Sometimes a particular user action might have serious results, e.g. deleting data.

How do you decide when to step in and help the user be sure they know what they’re doing?

How much help is too much?

Example of too little trust

I’m using a work laptop running Win2k.

If I create a folder in CAPS, it ‘helps’ me by changing my folder name to initial capitals e.g. “NAFTA” to “Nafta”.
What could it do better?

  1. It could leave me the hell alone. I’m the one naming the folder. If I want a folder name in caps, it’s my choice and my responsibility.
  2. It could change it to initial capital – ONCE. But if I rename it back to “NAFTA”, it should respect my wishes. (Win2000 fails to do this. It thinks that, even if I actively rename a folder to a term in full caps, I’m probably mistaken!)
  3. It could use some intelligence and look the word up in a dictionary. If it doesn’t recognise the word, leave it alone. If it does recognise it, change it for me, but only once.

Too little trust 2

I used go on a networking website called Ecademy.

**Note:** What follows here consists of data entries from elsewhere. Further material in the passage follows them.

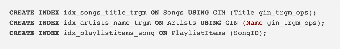 The trigram indexes21 on song titles and artist names enable fast search capabilities, handling typos and partial matches that users expect.
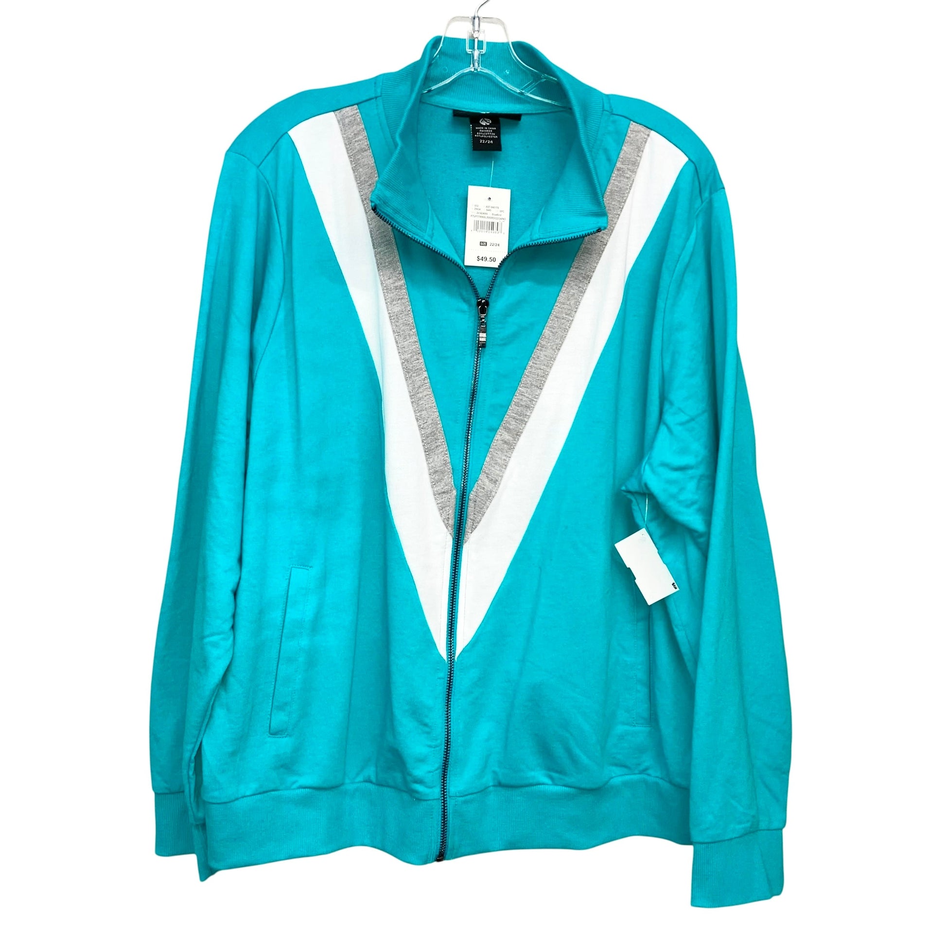 Athletic Jacket By Ashley Stewart In Aqua, Size:2X
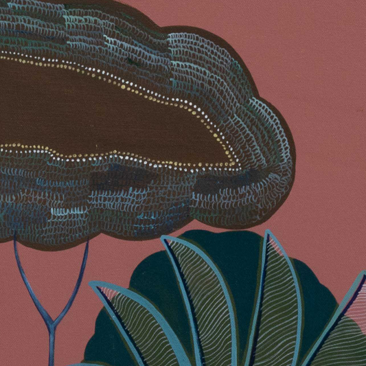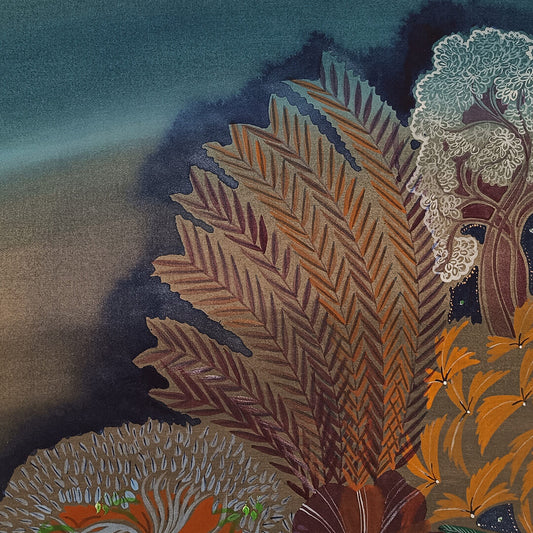 Priyanka Aelay’s acrylic works unfold like magic realist tales filled with birds, beasts, animals, trees and flowers in bold, vibrant colours. Her mythical, enchanted forests are filled with intricate motifs, exquisite patterns and striking imagery. ... On her canvas, age-old folk heritage — particularly from Telangana, from where she hails — is transformed into something that is distinctly contemporary and wholly unique, as she seeks inspiration from the environment and indigenous flora and fauna. Aelay’s paintings reflect the energy, momentum and simplicity of folk art, as well as the aesthetics and language of contemporary art. Paintings do not follow a linear perspective in the artist’s work, as she plays with space, dimensions and perspective to make the landscapes appear free flowing and free floating. Aelay’s works are an invitation to transport and immerse yourself in the unboundedness of nature and the wilderness, something sorely lacking in our urban ecosystems.
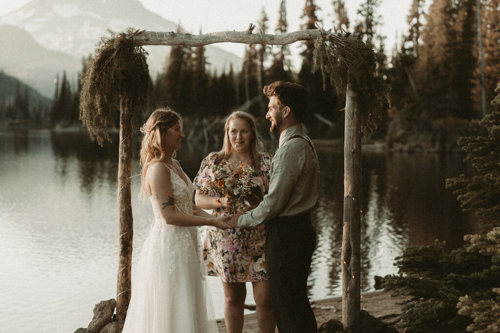 Even though Sparks Lake is a popular destination, Zac + Nat wanted their ceremony to feel private and intimate. So, we loaded up kayaks and canoes and paddled about 30 minutes across the lake to their hidden campsite. Waiting for us was a simple, handmade arbor built by Zac and his military buddy—proof again that their day was all about love, friendship, and intention.
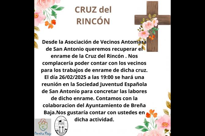 La Cruz del Rincón no se enramaba desde el año 2016 (9 años) y es una de las Cruces que cuenta con mas tradición y solera en el municipio de Breña Baja. Ya en el año 1994 se había recuperado esta Cruz con un grupo de vecinos hasta el mencionado año 2016.
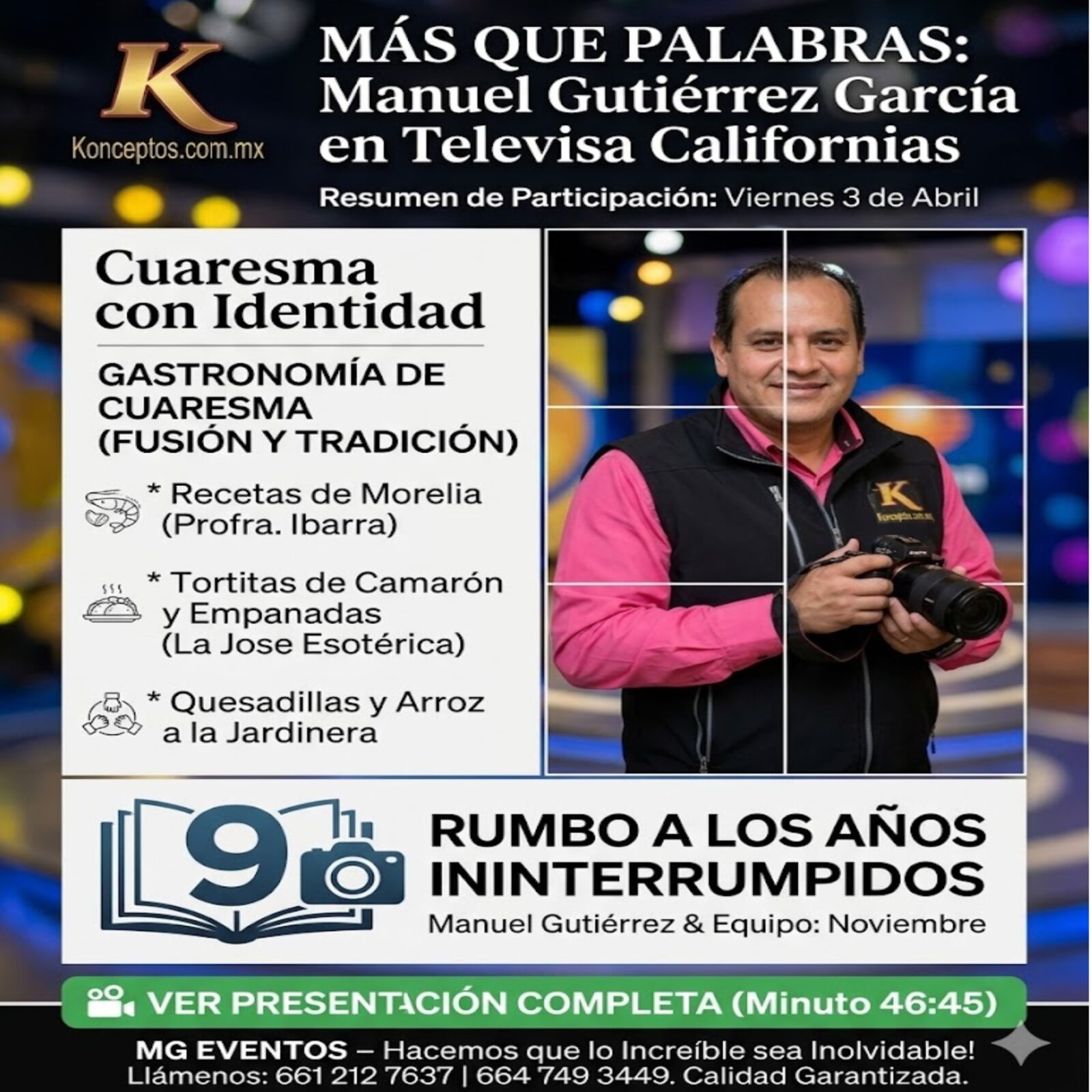 El pasado viernes 3 de abril, las pantallas de Televisa Californias se llenaron de aroma y tradición con la participación de Manuel Gutiérrez García, director general de Konceptos.com.mx, en el programa “Más que Palabras”, conducido por la carismática Bibi Uribe.
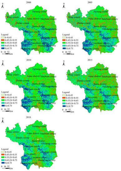 After rasterized and standardized indexes of LES evaluation were obtained, a grid map of LES in Yan’an in 2000, 2005, 2010, 2015, and 2018 is generated, according to the weight of each index.
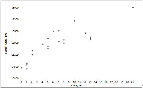показывает, что с увеличением стажа работы на 1 год заработная плата

When I posted a blog on this site, there was only a Preview button.
What you have to do is preview first, to check the layout, then you get (re)Preview and Submit options.
The blog is only posted when you submit.

I have lost messages on at least 3 occasions because of this over-cautious behaviour!
The problem would be lessened if the result page after clicking ‘Preview’ had a bright red banner saying “STOP, you haven’t submitted your message yet!!”.

What should they do?
Users have the ability to edit their blog messages, so why not trust them to check it themselves?

Example of enough trust

In this screenform, the user can delete records from a database by selecting one or more checkboxes, and clicking the button.

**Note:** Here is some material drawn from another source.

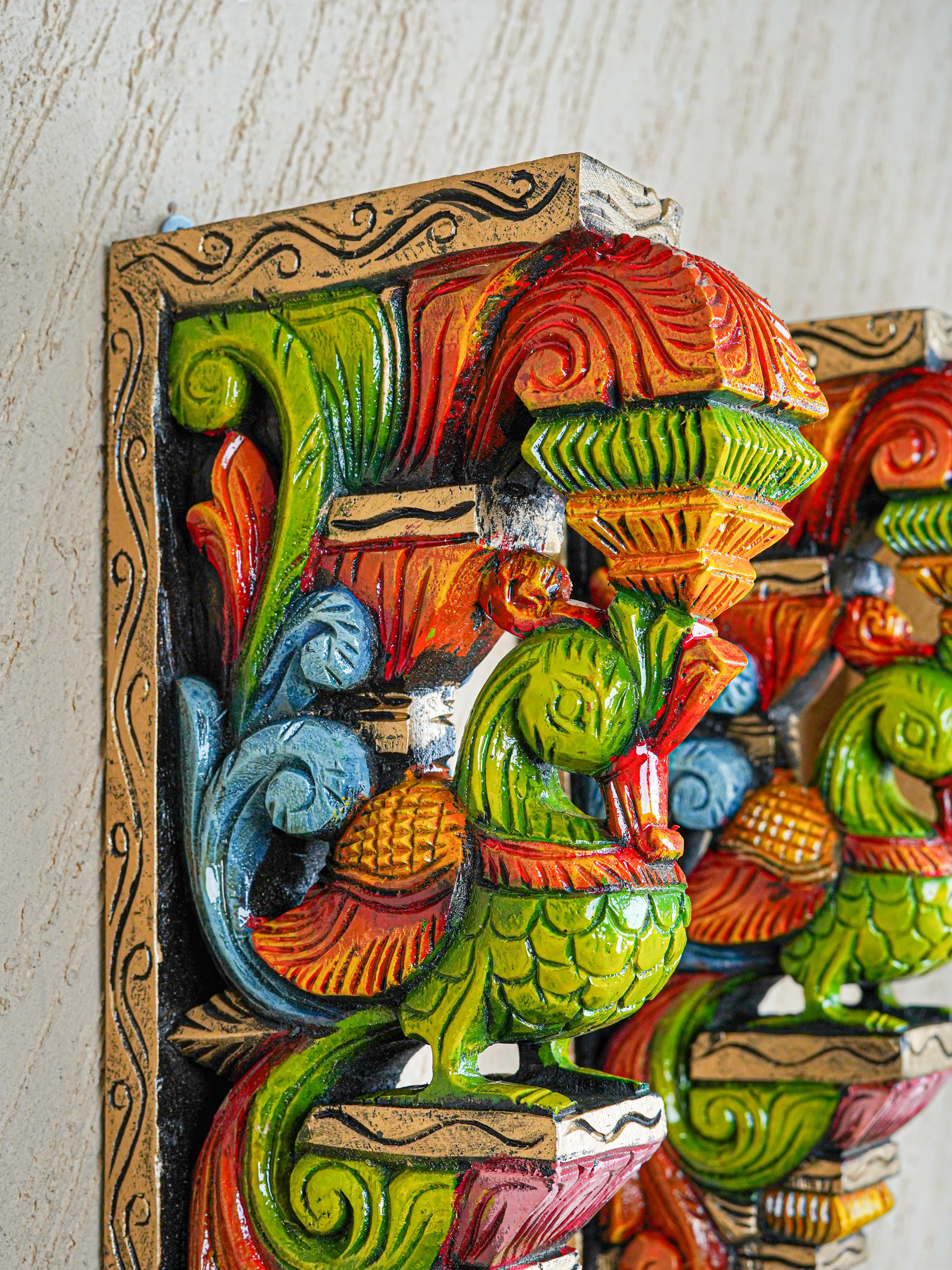 - Color: Hand-Painted in a Palette of Vivid, Multi-Colored Hues, adding Vibrancy while Highlighting the Intricate Carvings.

Trusting the user: Deleting records wtih 2 actions

In this case, because the user has to do two separate actions, there is no ‘Are you sure..?’ prompt.
That would be too much ‘help’.

It can sometimes be appropriate to present an ‘Are you sure..?’.
The decision comes down to a combination of: likelihood of triggering the action in error, and severity of the consequences.

The Percentage Game

If in doubt, play a percentage game:
Estimate the chance that a user triggering an action (e.g. delete) is doing it in error, and multiply that by the pain caused (the severity of the consequences, out of 100).

e.g. Taking the form above, there’s a probability of 1% that someone clicking the button doesn’t mean to delete the records.
Multiplied by a pain of 60/100, .01 x 60 = 0.6 likely pain.

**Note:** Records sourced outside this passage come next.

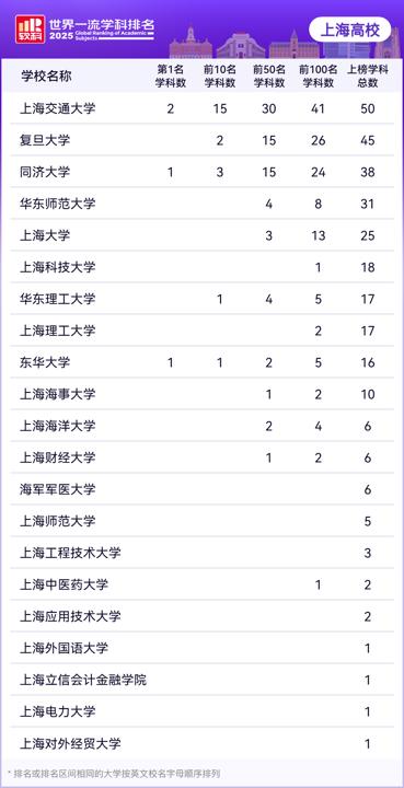 在2025软科世界一流学科排名中,上海高校表现亮眼,21所高校的301个学科榜上有名。从上榜学科总数来看,上海交通大学和复旦大学作为上海高校“领头羊”领跑全市,各有50个和45个学科上榜。同济大学(38个)、华东师范大学(31个)和上海大学(25个)上榜学科超20个。上榜学科数在10个及以上的还有上海科技大学(18个)、华东理工大学(17个)、上海理工大学(17个)、东华大学(16个)和上海海事大学(10个)。
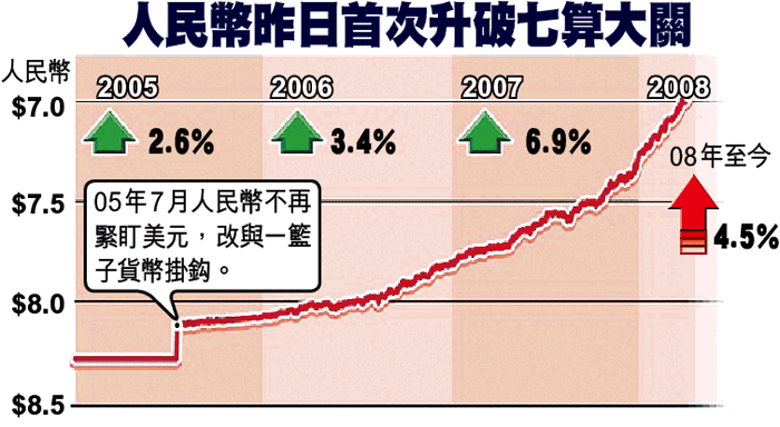 人民幣升值軌迹持續,滙豐銀行環球資本市場交易業務香港區主管陳紹宗指出,過去數月,人民幣平均每月升約1,000點子,破七前夕,本月初升值已放慢,故他預期昨日升越七算後,短期內因美元弱勢推動,人民幣將加快上升,全年計預期人民幣升值8至10%。
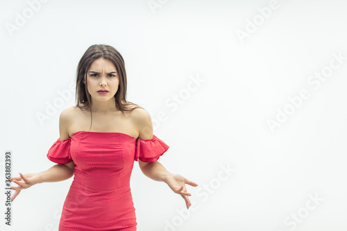 Young brunette female frowning because of bad news while standing over over white background throwing hands.
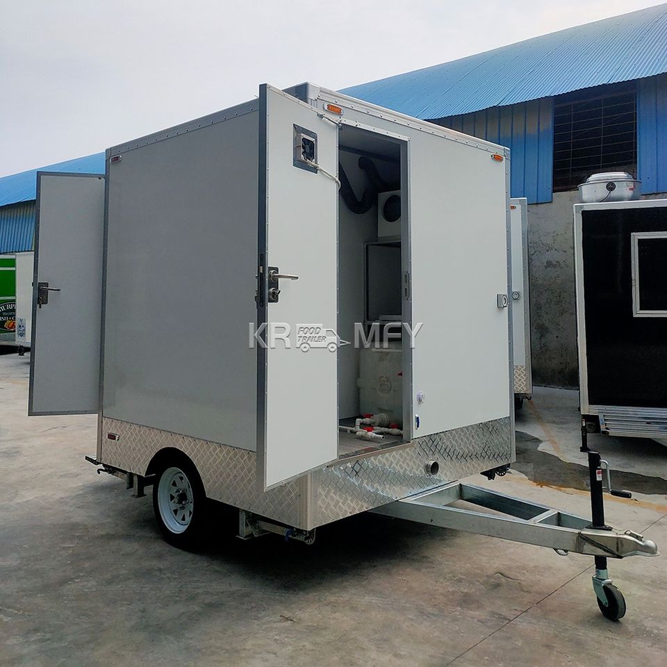 Mobile moderne 2025 avec douche, toilettes mobiles, salle de bain, remorque
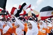 數(shù)千兒童金字塔前揮旗
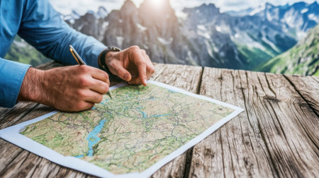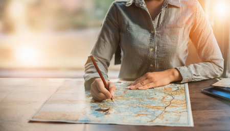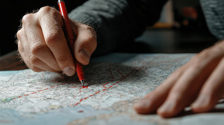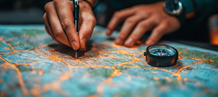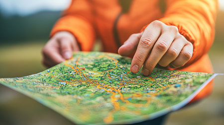 Hands trace route on map, symbolizing journey, planning, and achieving goals in outdoors.
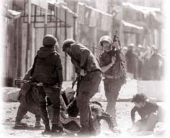 Le soldat attrape le type et le force à se retourner: il lui envoie un coup de pied dans les testicules. Il s'apprête à recommencer et il m'aperçoit. Il s'arrête. À nouveau, le Palestinien doit se retourner, les jambes bien droites. Le soldat lui envoie un coup de pied dans la pliure du genou et un suivant dans les fesses, pour lui apprendre à se tenir droit sous les coups, sans doute ! Je vous rappelle que les glorieux soldats de Tsahal ne portent pas de charentaises...

Compare that with: the probability that the user isn’t making a mistake, multiplied by the pain of having to click the confirmation.
In this case, it might be 99% probability x 5/100 likely pain, gives .99 x 5 = 4.95 likely pain.

The prompt is therefore about 8x more inconvenient than having the chance to make a mistake.
That’s why, in that case, it’s better to trust the user.